How does this relate to other schemes besides http and https, especially thinking about custom schemes like those mentioned in the explainer for https://github.com/w3ctag/design-reviews/issues/482

annevk commented 4 years ago

Cookie headers are only defined for HTTP.

(I think I can say Mozilla is interested, but not sure about Sec-Nonsecure-Cookie.)

mikewest commented 4 years ago

[title] & [problem statement]

Addressed in https://github.com/mikewest/scheming-cookies/commit/bb525531232d2f4b27d624a1058922ec4f37b6ac.

How does this relate to other schemes besides http and https

This is explicitly addressed (as weird-scheme:) in https://github.com/mikewest/scheming-cookies#cookies-scope. Is there text I could add there that would help clarify?

Cookie headers are only defined for HTTP.

Cookie headers are one part of the problem, document.cookie is another. Chromium, at least, allows document.cookie to read and write to a cookie jar from non-HTTP(S) schemes, which could in theory collide with a web-facing hostname. Though we're fairly confident that there's little risk of collision today (and we create separate cookie jars under the hood for things like extensions), we'd like to harden that boundary by simply taking the scheme into account.

Has there been feedback from other browsers since you filed the issue?

(I think I can say Mozilla is interested, but not sure about Sec-Nonsecure-Cookie.)

There's also been mild engagement in https://lists.w3.org/Archives/Public/ietf-http-wg/2020JanMar/0188.html, with a little more discussion of the Sec-Nonsecure-Cookie carveout, and alternative proposals (in https://lists.w3.org/Archives/Public/ietf-http-wg/2020JanMar/0195.html, for example).

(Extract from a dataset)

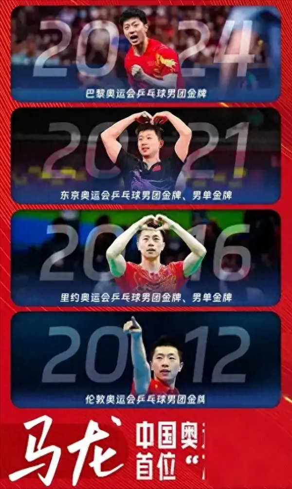 连巴黎奥运会的媒体手册都给他戴上了"乒乓球史上最伟大的球员"的高帽。这可不是吹牛皮,马龙用实际行动证明了自己的实力。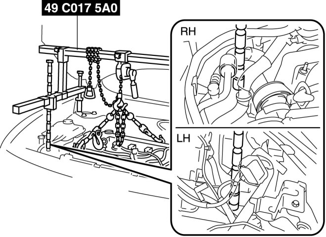3. Adjust the SST (49 C017 5A0) so that the engine is located at the specified position.

annevk commented 4 years ago

Per https://html.spec.whatwg.org/#dom-document-cookie it only ought to work for http/https/ftp and ftp is (almost) gone. Sounds like a Chrome bug, but maybe a spec bug?

mikewest commented 4 years ago

Sounds like a Chrome bug, but maybe a spec bug?

Two places I know of that rely on it in Chrome are:

I won't be surprised to find more as we try to ratchet down on document.cookie in the future.

ylafon commented 4 years ago

Regarding the deployment phase, one of the issues is sites that share cookies between HTTP and HTTPS for directing a client to the same backend in a LB. I wonder if the recent changes to deprecate TLS 1.0 and 1.1 could give us details on what would break as unattended. It is likely that such sites, if indeed not taken care of, might not work at all with the new minimum TLS settings. Otherwise, the site can indeed be updated to accommodate that change.

Also introducing a new Sec-Nonsecure-Cookie would require updates to old sites to accommodate them, redirecting everything to https would be a better move for them than handling a new cookie header.

ylafon commented 4 years ago

The TAG expresses its positive support for this (I have reservation on Sec-Nonsecure-Cookie, see above), but we are not closing this yet as we wait for implementers interest and feedback, hence the pending external feedback label.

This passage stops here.